No one can deny that reacting to customers when they need it most is crucial to building great relationships. It is important to understand customer interactions across different channels and integrate them in real time so you can respond with most relevant offer quickly. The ideal offer will not only be time sensitive, but will reflect the what is known about the audience from attitudinal, demographic, and other behavioral data.
Marketing organizations do their best to respond to the customer in real time, but it’s typically based on outdated, historical knowledge, or they’ll respond late as they often lack the integration of true real-time insight. As a consumer, I have many examples where I interacted with brands across multiple devices and the brand was not able to keep up with current information. Recently I was in the market to purchase a car as I had totaled the car I was driving (long story!). I immediately started searching online inventories near me for the model and year I was looking for.
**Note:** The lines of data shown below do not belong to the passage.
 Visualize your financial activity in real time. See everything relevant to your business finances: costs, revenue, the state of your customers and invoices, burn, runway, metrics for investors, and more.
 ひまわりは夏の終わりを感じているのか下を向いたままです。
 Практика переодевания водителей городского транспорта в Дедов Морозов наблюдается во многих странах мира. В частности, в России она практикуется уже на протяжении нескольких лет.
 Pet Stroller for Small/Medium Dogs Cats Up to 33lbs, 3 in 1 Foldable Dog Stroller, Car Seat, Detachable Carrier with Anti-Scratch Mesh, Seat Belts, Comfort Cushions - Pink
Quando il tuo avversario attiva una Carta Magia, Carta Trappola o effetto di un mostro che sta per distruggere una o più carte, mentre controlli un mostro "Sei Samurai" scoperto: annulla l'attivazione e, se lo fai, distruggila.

I received offers on my next visit purely based on my search criteria, but not from dealers who are in my area. Since I needed a vehicle fast, I ended up reaching out to my close network and made a purchase with a week of starting my online research. Right after I made my purchase, I started receiving calls and emails from many nearby dealers with available inventory and best deals. Sadly, all of these offers were irrelevant as I was no longer in the market for a vehicle. Clearly, my online search activities were not actioned up fast enough by local dealers with relevant offers at the right time and in the right place. The other very annoying part was that they continued to harass me with offers for a long period of time after I had already made my purchase!
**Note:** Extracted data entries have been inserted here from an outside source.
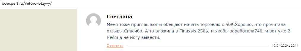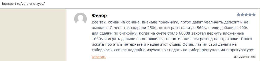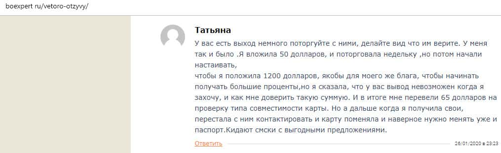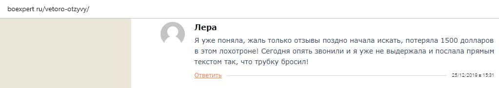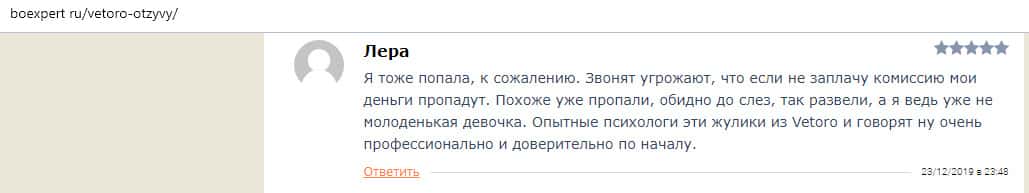 Еще один коротенький отзыв был найден в интернете, который комментировать нет даже смысла. В нем сказано, что лохотрон Vetoro io - это настоящий лохотрон и там работают профессиональные мошенники. В данном случае клиентка жалуется, что аферисты вымогают у нее вложить 50 долларов.
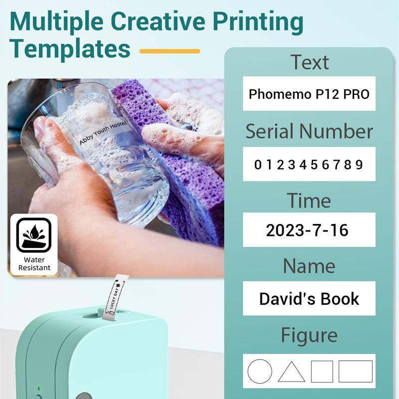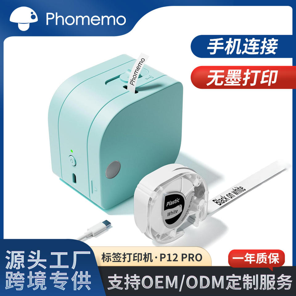 Impresora térmica mini Phomemo P12 PRO de 120 mm, impresión de etiquetas sin tinta con interfaz tipo C para uso doméstico
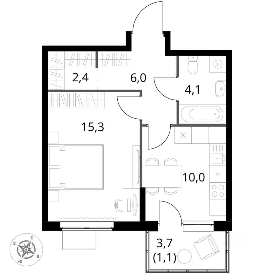 Продаётся 1-к квартира номер 714 общей площадью 38.9 кв.м. на 15-м этаже 15 этажного дома. Отделка Whitebox. Цена с учётом скидки!

Marketers can avoid such situations by getting up-to-date information, making sense of that information, and responding with the most relevant message and offer at the most relevant time. While the need sounds simple, the necessary data integration is challenging and quite costly, and it is collected across so many channels and devices with so many different formats that it requires robust data hygiene and matching processes to build the consolidated view of the customer. And let’s face it, doing this in real time is no easy feat!I suggest an intermediate path to data integration that enables you to address the complexities and respond to your customers in a timely manner with thorough offline knowledge of the customer.
Key points for this approach:
- Use your existing CRM Mart data relationships.
- Maintain natural keys and surrogate key relationships for each source.
- Create a new set of real-time tables separate from your existing CRM Mart tables.
- Capture real-time information through web services or other key API’s and then update the real-time tables by leveraging existing relationships and natural keys
- Create best view and map applications to leverage real-time data at the logical block levels while other information still reflects data from CRM Mart.
To ensure proper Data Integrity, let the real-time data also process through regular batch cycles to combine the data from other sources and capture them in the CRM Mart. This process establishes the keys for each entity to create relationships between objects. While this work can be extensive up front, having it in place when an event occurs pays off significantly, enabling relevant responses to the customer. It shortens the normal integration process in three steps: leverage natural keys available as part of incoming real time data; fetch the related offline keys and information from the offline knowledge base; and combine with real-time data to populate into new set of tables. Finally, this enables marketers to create views with the best information between real-time tables and offline data tables and map to the offer generation end applications. This approach uses the existing data relationships and refreshes the relevant data from real time. When unknown individual information is received, you still don’t have to worry about creating formal keys, but assign temporary keys to establish relationships based on incoming data per existing data structures to enable the most relevant data views and see customers’ information as soon as possible.